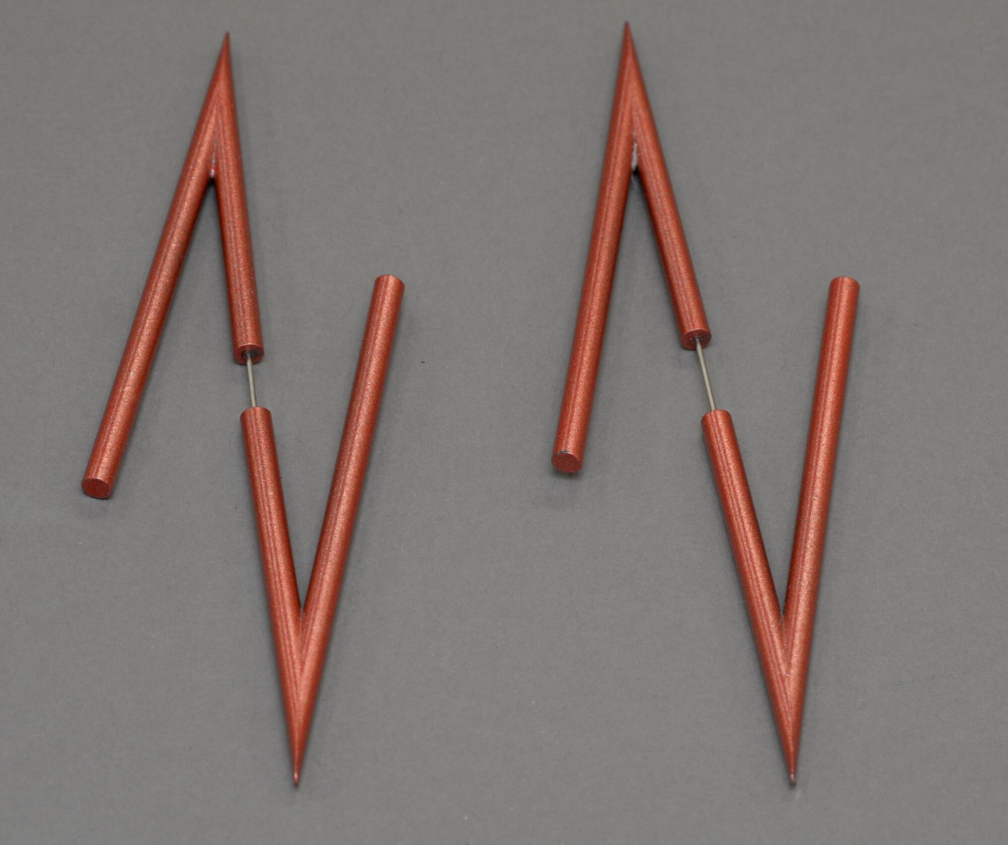 DescriptionEarrings constructed with a red cylindrival rod in a V-shape that when worn resembles a bolt of lightening through the ear.
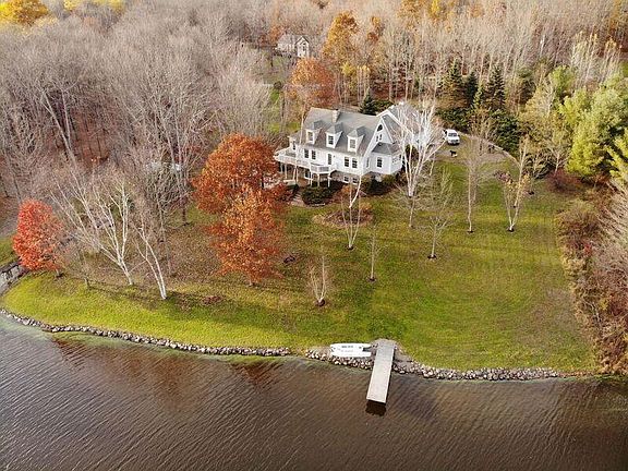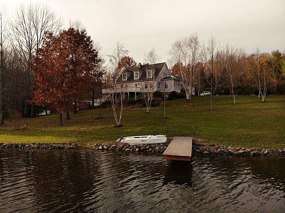 Enjoy lakefront living in a one-of-a-kind Timber-frame home on 58-acre private lake! Just minutes from Sayre, Elmira and surrounding areas, property includes 200 ft of shoreline with dock, undeveloped lots on either side. Custom built post and beam construction, nearly all rooms have view of lake. 2-story Russian fireplace ,chimney is the center of the home. Bathrooms updated in 2018 with quartz counters. Finished basement includes guest suite with bath, exercise room, and family room. Bonus room. Large decks surround front. New septic in 2016. Too many features to mention. Must see!
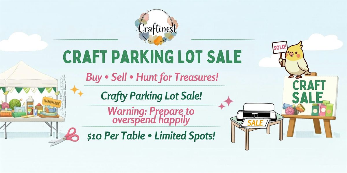 - A parking lot packed with crafty treasures, destash goodies, and handmade creations
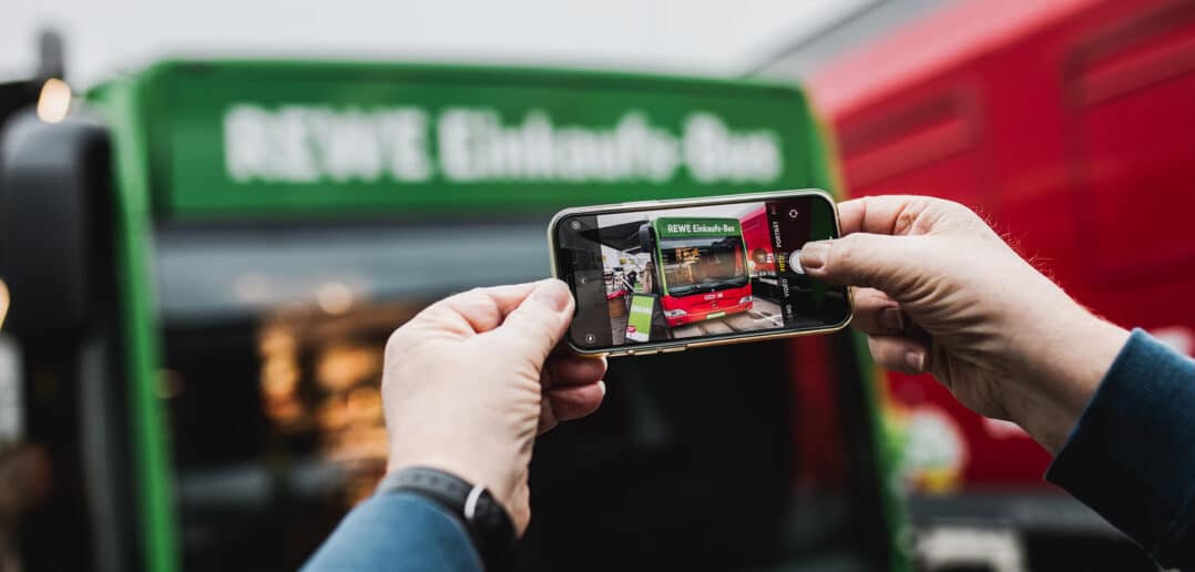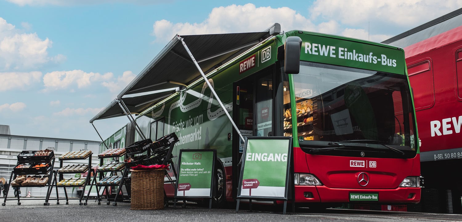 Viele Regionen und vor allem ländlichere Orte haben oftmals keinen eigenen Supermarkt vor Ort und müssen sich ins Auto oder in den Bus setzen, um einkaufen zu gehen. Rewe möchte dieses Problem jetzt aus der Welt schaffen und damit private Autofahrten reduzieren. Zusammen mit der Deutschen Bahn hat Rewe den Einkaufs-Bus entwickelt. Ein rollender Supermarkt, der mit über 700 Artikeln in kleine Orte fährt.
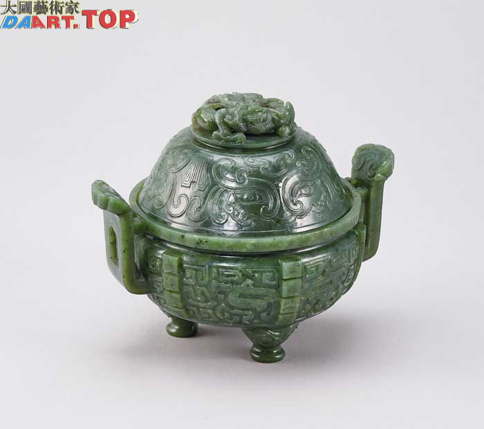清碧玉雕饕餮纹双耳三足龙钮盖炉
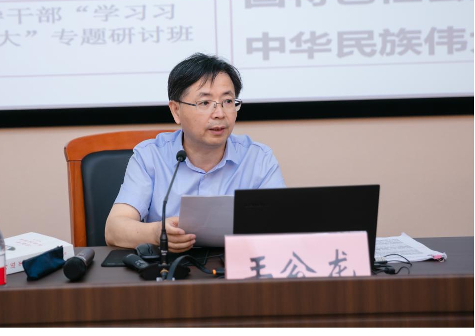 王公龙教授作《科学回答中国之问、世界之问、人民之问、时代之问的权威著作——〈习近平谈治国理政〉第四卷学习体会》专题辅导报告。结合学习贯彻习近平总书记在省部级主要领导干部专题研讨班重要讲话精神,王公龙教授系统介绍了《习近平谈治国理政》第四卷的总体框架和主要特色,深刻解读了书中蕴含的重大论断及其内在逻辑关系,为学员们深入学习领会《习近平谈治国理政》第四卷提供了方法指导。报告主题鲜明、重点突出、脉络清晰,对学员更好地学懂弄通做实《习近平谈治国理政》第四卷具有很强的指导性和启发意义。
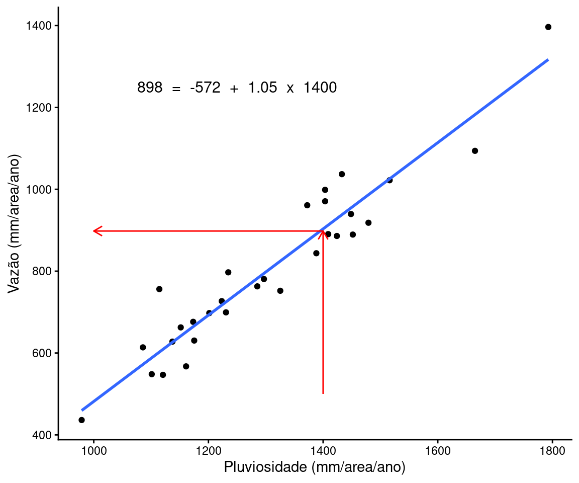 Esta linha nos permite obter uma estimativa sobre a vazão esperada (\(Y\)) para qualquer dado volume de chuva (\(X\)). Neste exemplo, a equação que melhor associa vazão e chuva é:
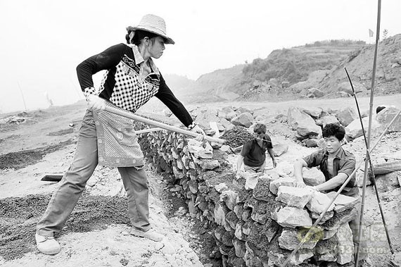 7月21日,在宜賓珙縣巡場鎮(zhèn)余箐工業(yè)園區(qū),幾名建設(shè)工人們正在歐冠陶瓷工地砌堡坎。珙縣引進的歐冠陶瓷企業(yè)總投資6個億左右,目前已有兩條生產(chǎn)線的廠房開始建設(shè)。
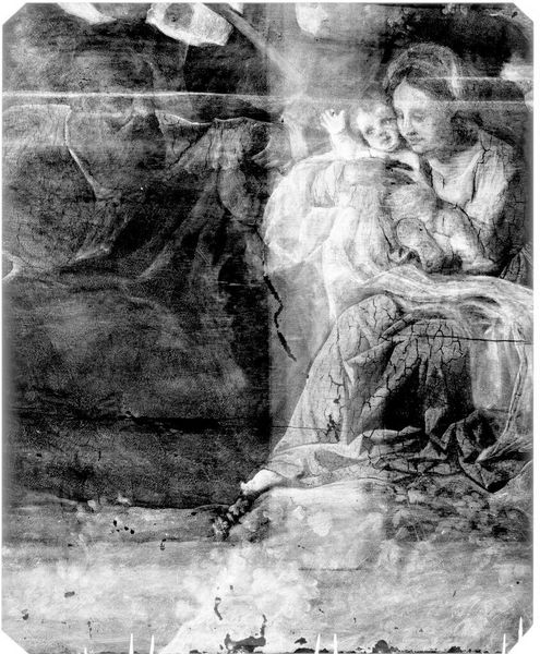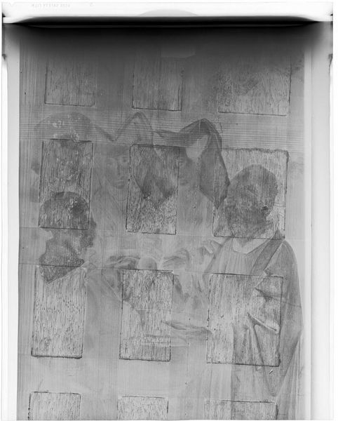 Editor: So this is an X-radiograph of "Adoration of the Magi (Copy)," after Hieronymus Bosch. It’s fascinating to see the figures this way, almost ghostly. What can you tell me about it? Curator: Seeing art through X-rays offers a unique perspective on power dynamics. The layers beneath the surface become visible, echoing the hidden histories of gender, class, and race often embedded within these works and their creation. What do you think this reveals about the narrative of the Adoration itself? Editor: It's like seeing the bones of the story... Were these hidden narratives intentional? Curator: Perhaps not explicitly, but art always reflects the socio-political context in which it's made, revealing implicit power structures and biases. The X-ray exposes not just the materials, but also the cultural layers. Editor: It makes me think about whose stories are told and whose are left unseen. Thanks! Curator: Indeed. It encourages us to question the dominant narratives and seek out marginalized perspectives.
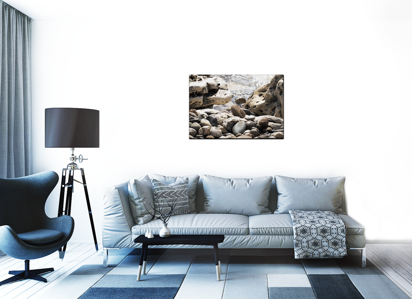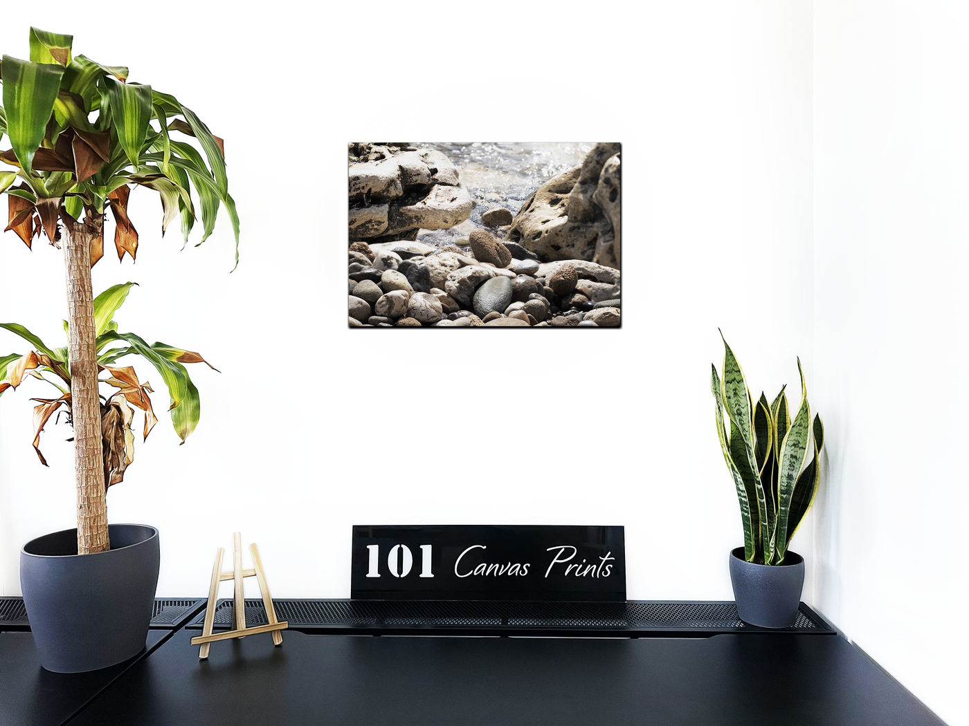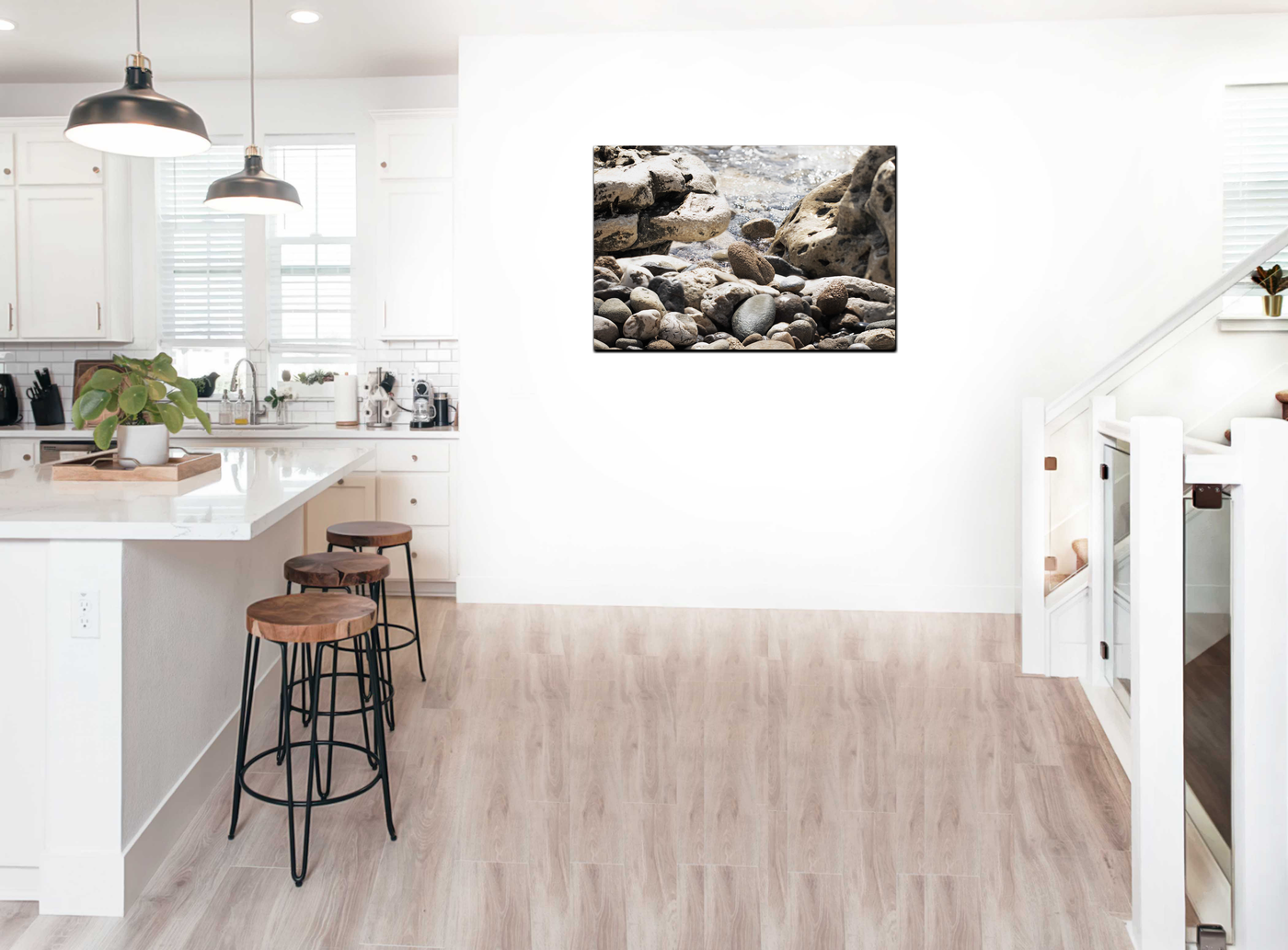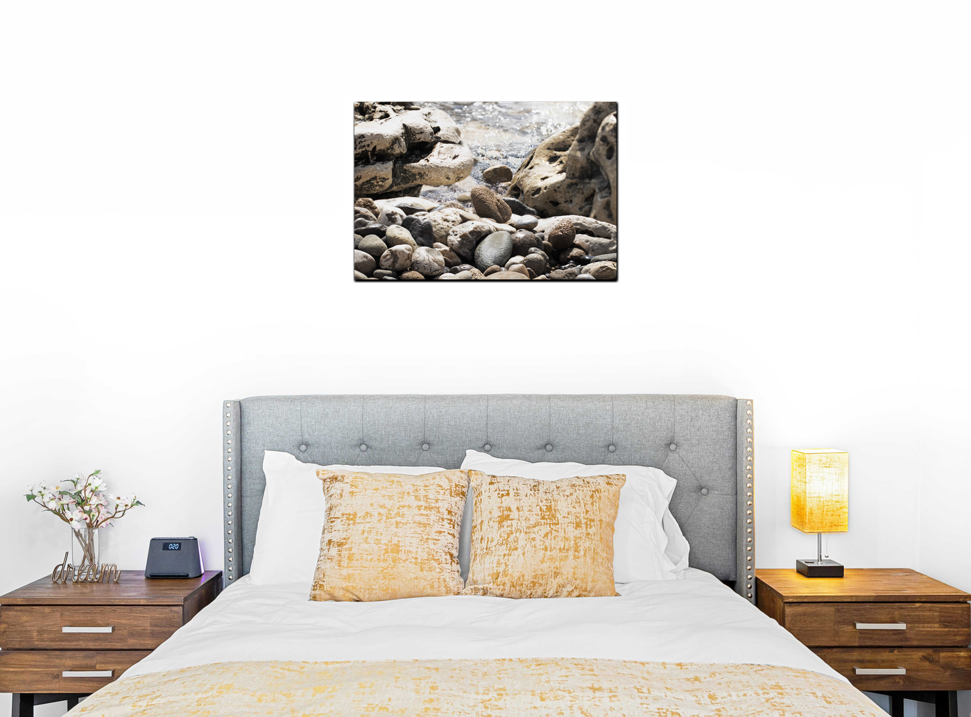 Immerse yourself in the beauty of a rocky shoreline with this stunning Acrylic print. The photograph offers a close-up view of a pebble-strewn beach, where an array of stones in various sizes and textures creates a captivating natural mosaic. From the foreground's sharp focus on individual pebbles to the softly blurred water in the background, the image draws the eye through layers of detail and atmosphere.
------------------------------------------------------------------------
What needs to be done:
Only lines belong in the copy, not pictures: write out exactly the lines of the records from the first through the one holding "- A parking".

Completed task:
 DescriptionEarrings constructed with a red cylindrival rod in a V-shape that when worn resembles a bolt of lightening through the ear.
 Enjoy lakefront living in a one-of-a-kind Timber-frame home on 58-acre private lake! Just minutes from Sayre, Elmira and surrounding areas, property includes 200 ft of shoreline with dock, undeveloped lots on either side. Custom built post and beam construction, nearly all rooms have view of lake. 2-story Russian fireplace ,chimney is the center of the home. Bathrooms updated in 2018 with quartz counters. Finished basement includes guest suite with bath, exercise room, and family room. Bonus room. Large decks surround front. New septic in 2016. Too many features to mention. Must see!
 - A parking lot packed with crafty treasures, destash goodies, and handmade creations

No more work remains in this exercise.